The Italian wolf, Canis lupus italicus, is doing better than it was before. In the 1970s there were guessed to be only about 100 wolves surviving in the mountainous parts of Italy. Now there are more like 500 or 600 and they're fanning out into France and Switzerland.
An Italian wolf likes to hunt medium-sized prey like deer, boar, and chamois. If those aren't available, sure, rabbit is fine. And Wikipedia says of the Italian wolf that it has “adapted well in some urbanised areas and as such, will usually not ignore refuse or domestic animals.”
This is clearly accurate, not only because St. Francis of Assisi made a deal with the sheep-killing, man-eating Wolf of Gubbio that it would stop its destructive ways if the townspeople of Gubbio would give it food instead, but in light of an observation I found in a paper about Italian wolves and foxes in the Abruzzo. The authors were remarking that the foxes seemed to be nervous around wolves. “Uneasy.”

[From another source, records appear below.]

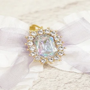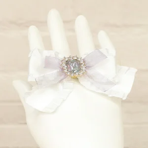 リング部分はリボンクリップと同じくフリルリボンとオーガンジーリボンが重なった重なったデザインで、中央にはスクエアのビジューが付いています。
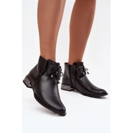 Dámské kotníkové boty z pravé kůže na nízkém podpatku Zazoo 1396 Černé
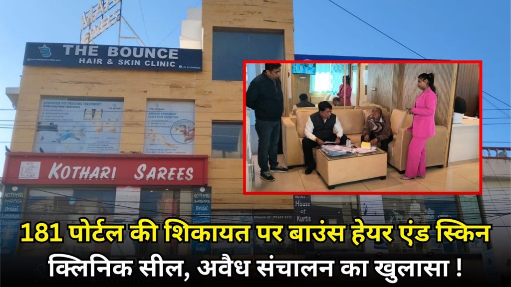 उदयपुर। शहर में बिना वैध अनुमति और बिना मान्यता प्राप्त चिकित्सक के संचालित हो रहे एक हेयर एंड स्किन क्लिनिक पर स्वास्थ्य विभाग ने बड़ी कार्रवाई की है। 181 पोर्टल पर दर्ज शिकायत के बाद जांच में गंभीर अनियमितताएं सामने आने पर द बाउंस हेयर एंड स्किन क्लिनिक को सील कर दिया गया है। साथ ही क्लिनिक संचालक के खिलाफ एफआईआर दर्ज कराने की प्रक्रिया शुरू कर दी गई है।
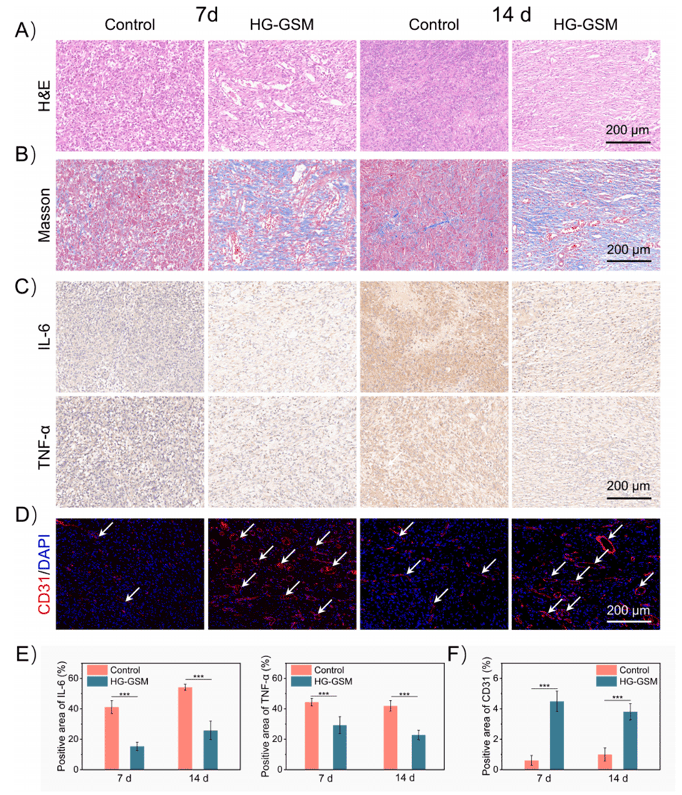 5、促进血管生成和胶原沉积:MSC-GSM@HG平台能够有效促进血管生成和胶原沉积,这对于组织修复至关重要,进一步支持了干细胞的有效性。
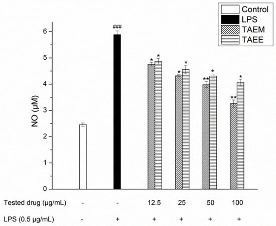NO is a factor synthesized and released by vascular endothelial cells to activate the inflammatory response. The large amount of NO produced by the host in the inflammatory response may provide a defense against the invasion of cells, viruses and parasites, and the non-specific immunity of NO can prevent the invasion of pathogens. To determine the effect of TAEM and TAEE on anti-inflammatory activity, NO production was measured. As shown in Figure 7, a low NO expression (2.46 μM) was exhibited in the control group. After being stimulated by LPS, the NO content was significantly up-regulated to 5.89 μM. In the experimental group, when LPS was present with the co-treatment of different concentrations of tested drugs, the production of NO stimulated by LPS was significantly decreased. More specifically, production of NO was decreased to 4.76, 4.32, 3.98 and 3.26 μM by TAEM, and 4.87, 4.56, 4.31 and 4.07 μM by TAEE at 12.5, 25, 50, 100, 200 μg/mL, respectively. Obviously, TAEM possessed stronger inhibition ability on NO production than TAEE.
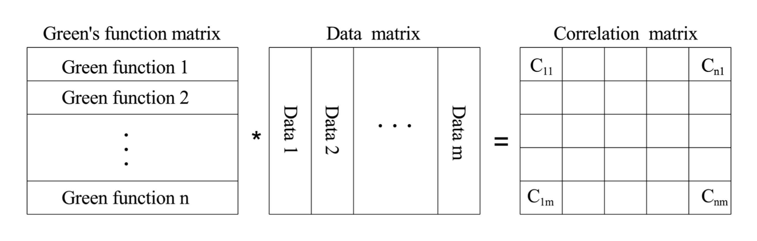 Figure S1. A schematic illustrating the multiplication of Green’s functions and processed data for estimation of equidistant matrix coefficients (after Withers et al., 1999). (Asterisk denotes convolution.)
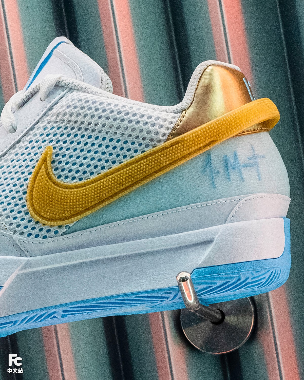 鞋带扣采用龙形结合莫兰特护目镜庆祝动作,Swoosh 则改以金黄色波点诠释,后跟金色映衬 12 球衣号码呼应。

They gave as an example an account of a wolf, a fox, and a cat all eating at a garbage dump outside the village of Caramanico one November day. The cat carefully stayed out of the way of the fox and the wolf. The fox carefully stayed out of the way of the wolf. The wolf, one gathers, strolled calmly wherever it chose, despot of the dump. The fox was jumpy, constantly looking up to see what the wolf was doing. Whenever the wolf moved, the fox rushed over to the place where the wolf had been, to see what it had been eating.
Eventually the wolf, the fox, and presumably even the cat went away, and the researchers inspected the dump, seeking dietary data. They found that all three predators had been eating from a giant heap of discarded spaghetti.
Okay, I like spaghetti, but that is sad. I figure those Italian wolves invading France and Switzerland are young wolves looking for better territories, asking themselves where the vast ancient forests are (the ones full of deer), and grumbling that pasta is good, pasta is great, but you know what? After a while you don't want to eat pasta for every. Single. Meal.